Obtain gene expression data. (1) Download RNA-Seq raw sequence data from GEO (GSE31235; “sample1”) [20]. Generate BED6 files as described in steps 1–3 of Subheading 3.3. (2) Download UCSC genome annotation (mm9) as described in Subheading 2.1. (3) Apply the in-house C++ program “RPKMCalculator” to calculate RPKM values for each BED6 file. (4) Apply the in-house C++ program “Cat_expr_file” to concatenate the expression files from step 3. It outputs a file containing a matrix of expression values, with each row corresponding to one gene and each column corresponding to one sample.
Define DN1 specific genes. (1) Open the expression matrix file from Excel. (2) Create a new column and define the values for the column by using the formula (Fig. 3a).
Create a database using Access (see Note 15).

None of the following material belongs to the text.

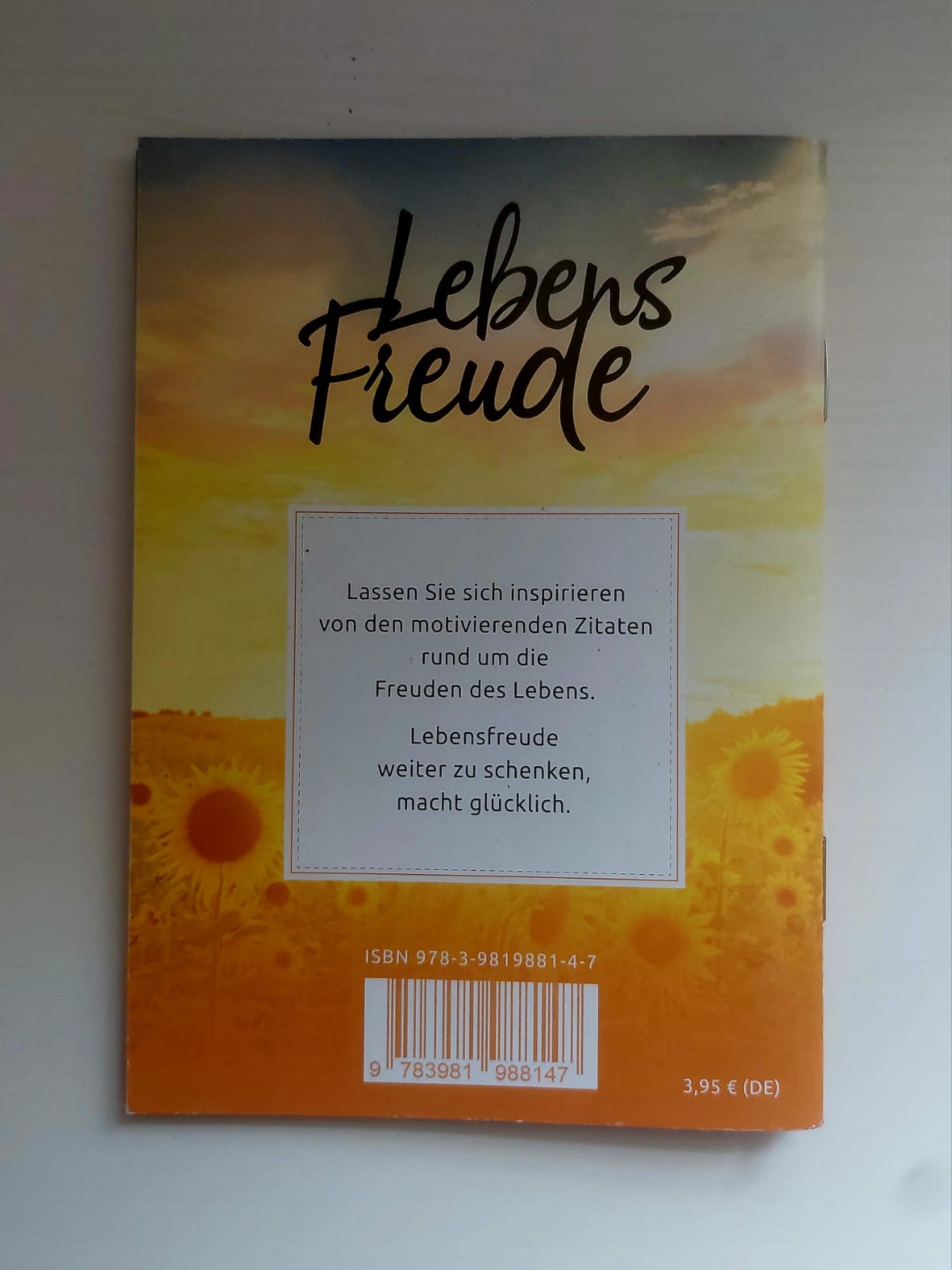 Glücklichsein 4,95 € | Sonnen Seiten 3,95 € | Licht im Dunkeln 3,95 € | Lebensfreude 3,95 € | Geburtstagswünsche 4,95 | Danke 3,95 €

Choose “Blank Database” from the templates that appear after running Access to create a blank database, name, and save it to a local drive.
Import the expression data into Access. Click the “External Data” panel and choose “Import/Excel File,” which activates the “Import Text Wizard,” to import the excel file generated from step 2. During the process, note that (1) the first row of the density file contains field names and (2) attribute “ID” should be specified as primary key of the table.
Obtain read density of H3K4me2 at promoters. (1) Download ChIP-Seq data from GEO (GSE31235) and process the sra files to BED6 files. (2) Apply the in-house C++ program “DensityCalculatorPromoters” to calculate the normalized read density at promoters for all samples (see Note 16).
Import the read density into Access. Similar to step 4, click “External data” panel, and chose “Import/Text” to import the text file generated from step 5 into the database.
Intersect the expression and density tables. (1) Click the “create” panel and choose “query design” to activate the “show table” dialog. (2) Add the two tables to the query panel from the dialog. (3) Click the “ID” attribute of one table, hold, drag, and release it to the “ID” attribute of the other (Fig. 3b, dashed arrow 1) to create a join link that implements an intersection operation between the two tables through the specified attributes.
Extract read density for DN1 specific genes. (1) Click, hold, drag, and release the attributes associated with read densities to the bottom panel (Fig. 3b, dashed arrow 2). (2) Use “Criteria” in the bottom panel to restrict the query results to DN1-specific gene (Fig. 3b, dashed arrow 3). (3) Execute (“Design/Results/Run”) and save the query (“ctrl+s”). (4) Export the results to a fl at text file (“External Data/Export/Text File”). During this process, choose to include Field name and “Tab” as delimiter.
Visualize read density by using MeV (Fig. 3c). (1) Import the fl at text file from step 6 into MeV (“File/Load Data”). (2) Normalize the read density to highlight changes of H3K4me3 enrichment across samples (“Adjust Data/Gene/Row Adjustments/Normalize Genes/Rows”). (3) Cluster genes based on their read density across samples (“Analysis/Clustering/HCL”; see Note 17). A “HCL: Hierarchical clustering” dialog will show up before the clustering for users to set parameters. (4) Choose color theme (“Display/Color Scheme”), adjust color scale (“Display/Set Color Scale Limits”), and set size (“Display/Set Element Size”) of the heatmap.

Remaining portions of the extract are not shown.